I think you just have to be sensible and realistic in terms of what you take. We soon realised what was and wasn't important on a trip. If you are going away for just a few nights, you can afford a few luxuries but longer trips do need much more careful planning.

We're planning a 5 week trip to Scandanavia at the moment which seemed daunting at first in terms of 'where are we going to put all this stuff?!' Once you pare it down to the necessities, it becomes a lot more manageable. You just need to have a bit of a backpacking mentality.

It's amazing how creative you become with storage though after a bit of experience!  

Stimpy


----------



## Superk (Aug 22, 2005)

We've just completed a six-month, 7,400 mile trip (France and Italy including Sicily) in our new 5.64m van after trading down from four years with a 33-foot RV plus towed car. Best thing we've done.
You don't need most of the stuff you take along 'just in case' - you can buy most things you need abroad and often at better prices. Practice loading the van before you go - and not the day before 8O Could you fit things in better - pans that stack inside each other for example. We didn't feel that we had missed out on anything - took a crate of books, laptop, two cameras. OK could have had a wider variety of clothes but you can buy often clothing abroad so you can ring the changes easily. You have to shop more often but with a small van that isn't stuck on site requiring the use of bicycles or scooters no problem. - Amazed by the numbers of vans of mid-size that get rooted to a pitch and the owners get to see very little unless they can walk, pedal, scoot or bus it.
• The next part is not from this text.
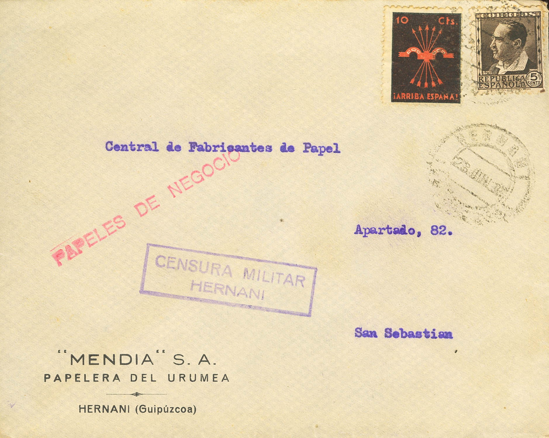 Guerra Civil. Censura Militar Bando Nacional. CENSURA MILITAR / HERNANI, de Guipúzcoa. MAGNIFICA.

We could pack up in minutes and pop-off anywhere we wanted.
Not saying RVs are a bad thing (I can't after publishing the book about RVing :wink: ) - they provide a different way of doing things. I know which we prefer.


----------



## 106352 (Aug 8, 2007)

thanks to all for your tips --seems mostly positive thoughts


----------



## Grizzly (May 9, 2005)

Superk said:


> We've just completed a six-month, 7,400 mile trip (France and Italy including Sicily) .


Is there a book in this Keith ? I hope so. I very much enjoyed _How Katie Pulled Boris _

G


----------



## Superk (Aug 22, 2005)

Thanks - I'm glad you enjoyed it - makes all the effort worthwhile  
I am planning one based on this trip - loads of notes to go through - there may also be a sequel to How Katie Pulled Boris :wink:


----------



## trevd01 (Oct 26, 2007)

We go away for 3 weeks at a time in our 4.5m raising roof Bongo (and Bongos are narrow!). We used to be tent campers, so we use stackable lightweight camping stuff (pans etc). We always take too many clothes.

You just have to be well organised!










Looking forward to the luxury of space in our Murvi next year (well, almost certain we will order one next month...)


----------



## 96706 (Nov 13, 2005)

Hi Trev, 
Any update on your Murvi ?

****


----------



## trevd01 (Oct 26, 2007)

**** said:


> Hi Trev,
> Any update on your Murvi ?
> 
> ****


Hi ****!

Yep, it's ordered.

Morello, Slate grey, 160 auto, aircon, cruise, airbags, solar, lpg tank, extra fresh water, fiamma, seitz cab blinds, big fridge, sog...

For March 09 delivery (could have had it earlier).


----------



## 96706 (Nov 13, 2005)

Fingers crossed for March then Trevor. 
Are you selling your Bongo? Mine is still for sale ( about 9 months since we started in ernest) no one wants to pay more than about 7k, but I'm not yet ready to let her go for nowt!

Must say that the Symbol is ideal for the 2 of us, being slightly bigger than Monty might make getting to some locations a bit tricky, but overall it's the best upgrade, whilst I'm still working.

Cheers for now,

Peter


----------



## trevd01 (Oct 26, 2007)

**** said:


> Fingers crossed for March then Trevor.
> Are you selling your Bongo? Mine is still for sale ( about 9 months since we started in ernest) no one wants to pay more than about 7k, but I'm not yet ready to let her go for nowt!
> 
> Must say that the Symbol is ideal for the 2 of us, being slightly bigger than Monty might make getting to some locations a bit tricky, but overall it's the best upgrade, whilst I'm still working.
> ...


We will probably sell the Bongo, but if we can't get a sensible price (and I have been monitoring prices for a few months now), we will keep it as a 'family' Bongo for my grown up sons and my brother to use.


----------



## maddie (Jan 4, 2006)

Hi all we have done a four week trip down Devon & Cornwall,and a few 3 wek one's in our s/b no problem at all.Having said that we have 10 overhead lockers,5 drawers,1small cupboard 1 large cuboard,fullheight wardrobe and underbed storage that gives us a lot more storage than most coachbuilts. :lol: 
terry


----------